=== What you are asked to do ===
Leave out the pictures and repeat exactly the lines from the one containing "摩多山自然公園から見た下田湾と島々の美しい景色" through the end of the records.

=== Record extracts ===
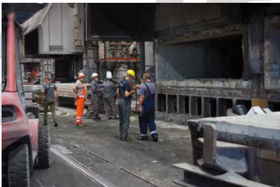
Peć za topljenje L1/4

Takođe, treba istaći i to da je za remont možda izabran najpogodniji momenat u godini. Trenutno u našem okruženju je došlo do smirivanja epidemiološke situacije nakon ozbiljnog talasa zaraze u junu i julu. Na ruku nam ide situacija da je došlo do značajnog pada broja zaraženih u gradu i regionu. Tokom avgusta meseca nije registrovan nijedan slučaj zaraze u Društvu, a u gradu Užicu poslednje nedelje avgusta nije bilo zaraženih. Na snazi su i dalje mere koje je propisala Vlada Republike Srbije. Može se očekivati da će epidemiološka situacija biti povoljna do kraja septembra, što nam daje mogućnost da remonte uspešno završimo. Međutim, ne sme doći do opuštanja u pogledu zaštite od širenja zarazne bolesti. Uslov za uspešan završetak remonta je dosledno poštovanje svih propisanih mera zaštite do samog kraja, bez izuzetaka.
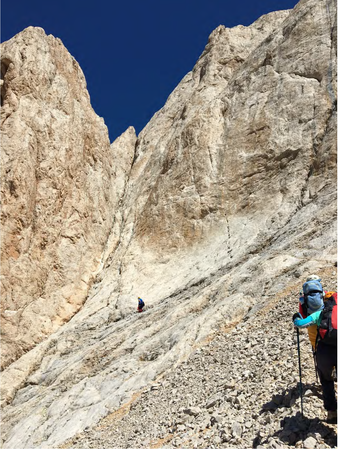
Foto 6: KDK Klasik Rotasının girişı, güney baca sistemine ulaştık.
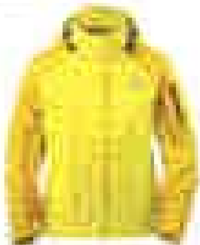
북페이스 아웃도어 [제품명] [가격]
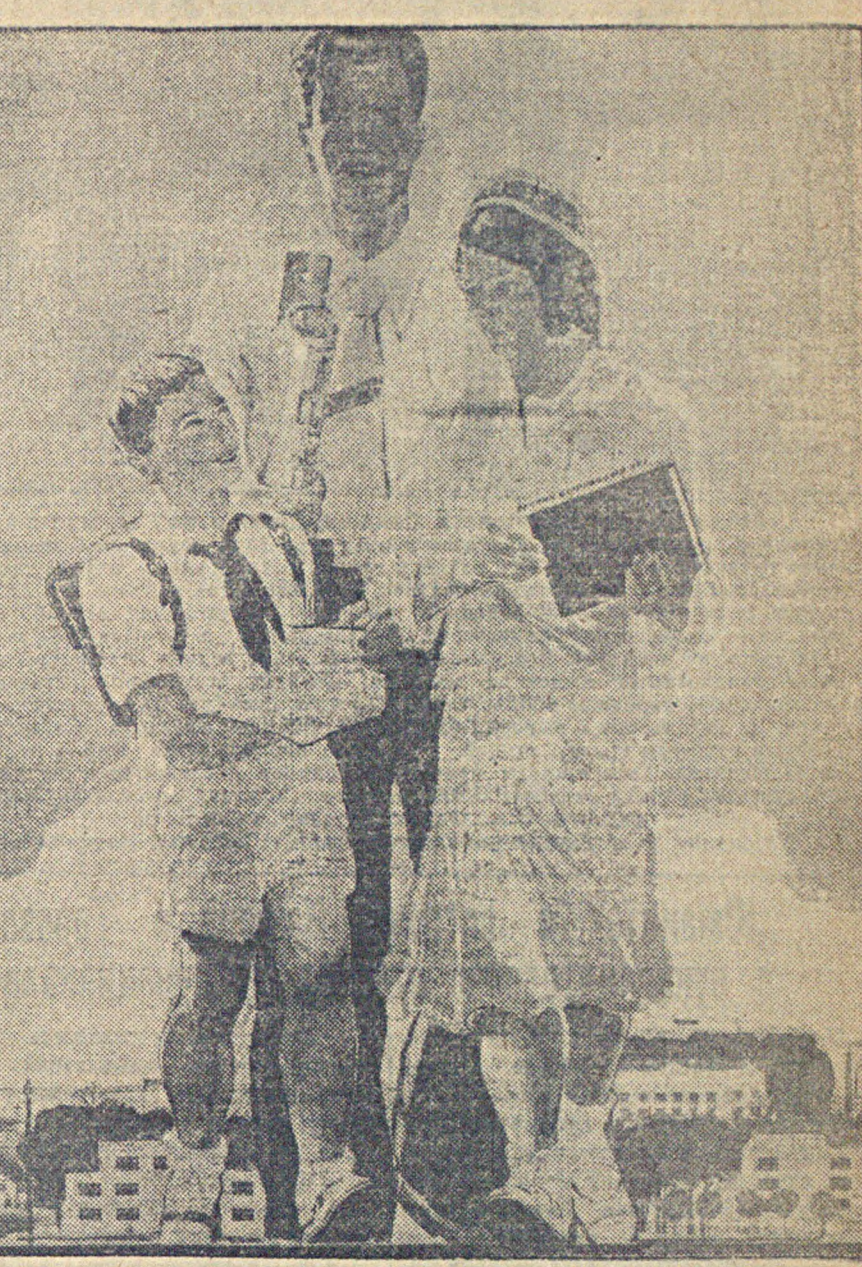
К XIX годовщине Великой Пролетарской революции Изогина выпускает серию художественных плакатов...
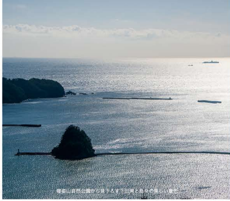
摩多山自然公園から見た下田湾と島々の美しい景色

「美しさ、煌めく旅。」をコンセプトとした観光列車で、木の温もりを感じる車内では監修シェフこだわりのお食事やヴァイオリンの生演奏などをお楽しみいただけます。人気のクルーズトレイン「なつ星 in 九州」と同じく、水戸岡鋭治氏がデザインした至高の空間で贅沢な時間をお過ごしいただけます。
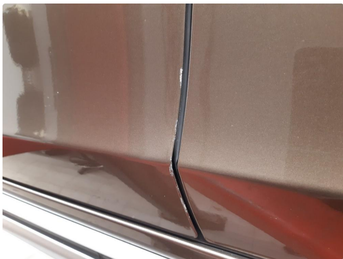
1.1 Noen bulker med lakkskader
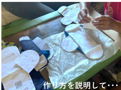
作り方を説明して...
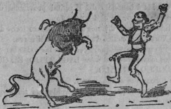
Alegrando al toro.
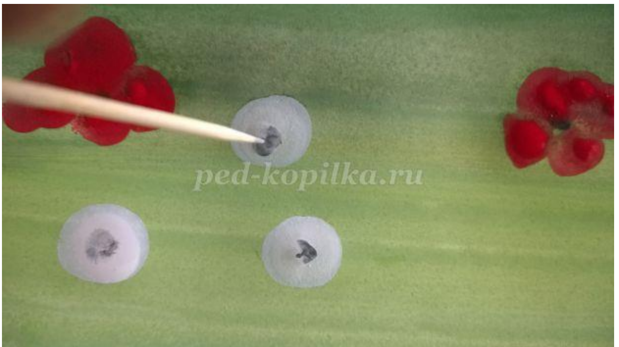
11. Рисуем маки кончиком кисти на дальнем плане поля. Тонкой кистью рисуем стебельки, листочки.
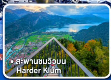
• สะพานชมวิวยอบบ Harder Klum

=== Task output ===
摩多山自然公園から見た下田湾と島々の美しい景色

「美しさ、煌めく旅。」をコンセプトとした観光列車で、木の温もりを感じる車内では監修シェフこだわりのお食事やヴァイオリンの生演奏などをお楽しみいただけます。人気のクルーズトレイン「なつ星 in 九州」と同じく、水戸岡鋭治氏がデザインした至高の空間で贅沢な時間をお過ごしいただけます。
1.1 Noen bulker med lakkskader
作り方を説明して...
Alegrando al toro.
11. Рисуем маки кончиком кисти на дальнем плане поля. Тонкой кистью рисуем стебельки, листочки.
• สะพานชมวิวยอบบ Harder Klum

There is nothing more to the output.